On Jan. 11, Sampson’s appellate attorneys, Judith Mizner, Madeline Cohen and Sara Cohbra, filed a new brief arguing his death sentence should be overturned.

Although no cause of death has been released, medical records included in the latest appeal of his death sentence showed he had a life expectancy, when he was 55, of nearly three yearsHe was diagnosed with end-stage liver disease, likely caused by an untreated hepatitis C infection.

In 2016, Sampson’s attorney argued that he was terminally ill and that should be a good enough reason to not give him the death penalty.

Shortly before the murders, Sampson, a drifter who grew up in Abington, called the FBI to turn himself in for a series of bank robberies in North Carolina.
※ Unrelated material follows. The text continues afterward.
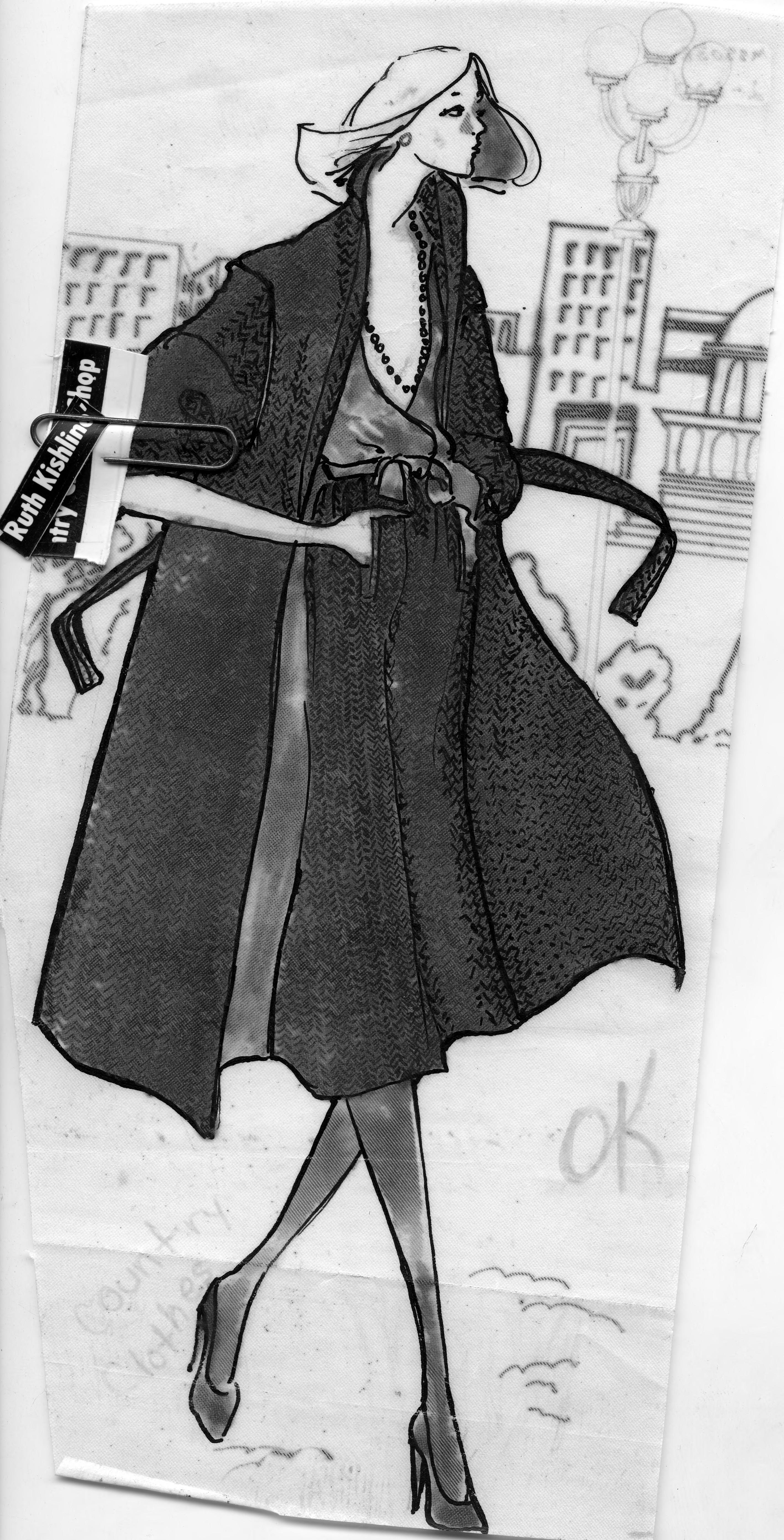 Sketch of a woman wearing a long coat with matching skirt. This is the cut out of the advertisement but there is no copy, nor is it mounted on board like others in this collection.

After the FBI didn’t send anyone to arrest him, he started his killing spree on July 24, 2001, according to court documents.

McCloskey, a retired plumber, offered Sampson a ride in Weymouth. Sampson walked McCloskey up a hill in Marshfield, where he killed him and tried unsuccessfully to steal his car, according to court documents.

While Sampson was hitchhiking in Plymouth three days later, Rizzo offered him a ride. Sampson held him at knifepoint and ordered him to drive him to Abington, where he killed him and took his car, according to court records.

Sampson fled to New Hampshire and broke into an empty vacation home. He was discovered by a family friend of the owner, Whitney, on July 30. After a fight, he tied Whitney to a chair and strangled him with a rope, according to court records. He stole Whitney’s car and fled to Vermont, where he abandoned it a day later. Hitchhiking again, he was picked up by William Gregory, who escaped from his moving car after Sampson threatened him with a knife.

Sampson broke into another vacation house, called 911 and surrendered to Vermont state troopers, according to court records.